At the opening of Mark Ryan Chariker’s latest show at 1969 Gallery, an oddball line of poetry by Patti Smith repeated in my head: “Jesus died for somebody’s sins, but not mine.” Smith, a lifelong Christian whose oeuvre is laced with biblical references, proved with this utterance that her faith could only be bested by her punk-rock bravado. Chariker’s current show proves him to be a kindred spirit, whose discerning eye holds in equal esteem the sublime and the laughably incidental.
Chariker has long been inspired by Rococo France, where painters like Jean-Antoine Watteau gained fame for renderings of frolicking dilettantes in verdant outdoor spaces. Indeed, many of his older paintings were almost identical to Watteau’s characteristic fete galantes in subject matter: figures tumbling over one another in the rustic outdoors while doing nothing in particular. Chariker’s most recent show has split Watteau’s signature pictorial motif in half—the figure paintings are one thing, the landscapes another. I’d forgive anyone who assumed they’d always been separate—the former’s angsty twenty-somethings can seem antipathetic to the beauty of the latter’s effulgent foliage.
Though Chariker’s landscapes maintain an air of revelrous impressionism, on the whole, they’re more akin to those of Song Dynasty China than Western Europe. Fusing the omniscient grandiosity and austere color palette of the North with the intimate vistas of the South, he conjures paradises which are impossible in their greatness but plausibly inhabitable—an odd collision of the sublime and the quotidian that’s liable to effect befuddled chuckles in viewers. (I know it’s unlikely that Chariker is explicitly drawing inspiration from the likes of Fan Kuan and Ma Yuan, but the parallels are too many to be completely accidental. Like the greatest of the Northern Song, he incorporates stairs, paths, and entryways throughout his landscapes, beckoning viewers to imagine themselves traversing each one. And his tendrilly, crab claw-like branches bear striking resemblance to those of Song legend Guo Xi.)

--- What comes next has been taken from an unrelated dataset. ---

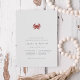 Préparez-vous pour la grande journée avec nos élégantes invitations à dîner de répétition estivale, avec un style nautique classique avec un look propre et minimaliste et une touche légère de vie marine. Le design comporte une illustration de crabe rouge en haut, avec un élégant bloc et des lettres en italique en bleu marine. Inclut l'espace pour la répétition de cérémonie et les détails du dîner. Parfait pour les dîners de répétition nautiques, estivaux ou en bord de plage, surtout si le crabe est au menu !

Chariker’s figures, however, are more Grant Wood than Guo Xi—their self-serious exteriors are constantly belied by inscrutable mien. Each seems vaguely schizophrenic, constantly aware of the fact that they’re being watched—by fellow subjects, or worse, viewers—and making the necessary physiognomic adjustments. In one work, a man (though in Chariker’s paintings, they never really ceased to be boys) with a conspicuous neck tattoo—a guillotine—stares at another, who uneasily reads a book. Another depicts two vaguely exasperated women, whose empty countenances place them in the awkward moments between emotions. (Chariker gives us a hint here with the title, A Pause in the Argument, but most of the time he isn’t so forthcoming—the majority of this show’s paintings are untitled.) We’ll never know what big feelings weigh on the hearts of Chariker’s subjects—they’re too embarrassed to tell us.

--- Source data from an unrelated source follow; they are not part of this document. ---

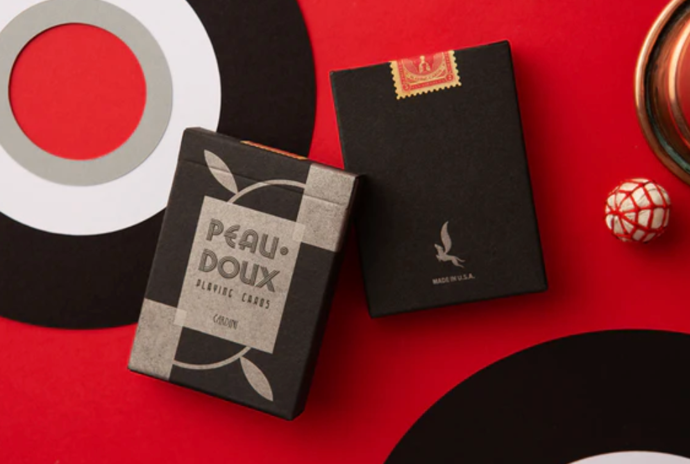 This deck is a modern poker-sized replica of the special Peau Doux playing cards Cardini used in performance of his legendary nightclub act "The Suave Deceiver." Special features include a vintage-inspired tuck box, letterpress-printed with silver metallic ink and embossed typography. Custom tax stamp, ace of spades, and matching jokers depicting a silhouette of Cardini illustrated by Wade J. Callender.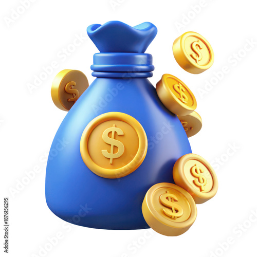 3d rendering of a blue money bag with dollar sign and flying coins isolated on a transparent background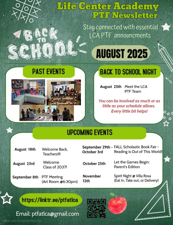 Mission: To support the mission of Life Center Academy through prayer, active parent involvement, and the sponsorship of events that promote the school, express appreciation, and raise funds to enrich the LCA community.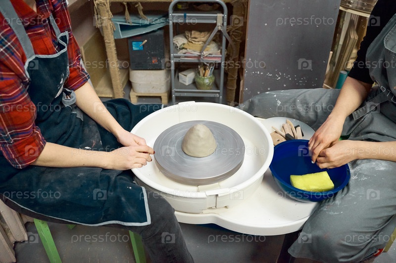 Женщина делает керамическую керамику, четыре руки крупным планом, фокусируются на гончарах, ладонях с керамикой, концепции мастер-класса и мастер-класса. Концепция творческого хобби. Дополнительный заработок, подработка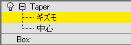 このサブオブジェクト レベルでは、ギズモをその他のオブジェクトと同じように変換およびアニメートして[テーパ](Taper)モディファイヤの効果を変更できます。ギズモを変換すると、中心も同じ距離だけ変換されます。ギズモの回転またはスケールは、中心と関連して行われます。

For their disparate subject matter, the paintings are held together by Chariker’s one-of-a-kind technique—he doesn’t paint a picture as much as he stipples it into existence. His facture is uniform and granular, as if he’s pecking the canvas over and over again. While the technique bears similarity to Seurat’s pointillism, Chariker’s subjects, figures and landscapes alike, are tangible in a way that Seurat’s misty compositions don’t come close to achieving.
To label Chariker’s brushwork “obsessive” would be like calling water wet—it’s clear viewing the painstaking movements of his wrist that every ounce of his life-force goes into a painting. Obvious as it is, I can’t help but laugh at the idea: in many cases, Chariker’s spiritual outpouring has produced scenes fraught with quotidian awkwardness, not the transcendent masterpieces one might expect. In his use of otherworldly means to produce a remarkably worldly end, Chariker’s practice much resembles one of his little-known influences: online message boards. He’s specifically cited a fascination with the fanatical fanbase of Under the Silver Lake, who scour the film’s every millisecond for near imperceptible cryptographical clues. (They’ve gone as far as to scan its fireworks patterns for subliminal messages in Morse code.)
I like to think of Chariker’s figurative subjects as these netizens, taking as their muse his breathtaking corpus of landscapes. Directionless as it may seem, the deep affectedness in their eyes had to originate somewhere. Why is it that when encountering something beautiful, we find only the repulsive, manic parts of ourselves? I don’t know, and Chariker doesn’t either. But his canvases are gorgeous, excruciatingly so, and worthy of the obsession they’re inspired by.
Charles Venkatesh Young is a Chicago-based journalist of the arts interested in fusing art theory with bodily experience. He has contributed to the New Art Examiner, Chicago Reader, Newcity, and Whitehot Magazine.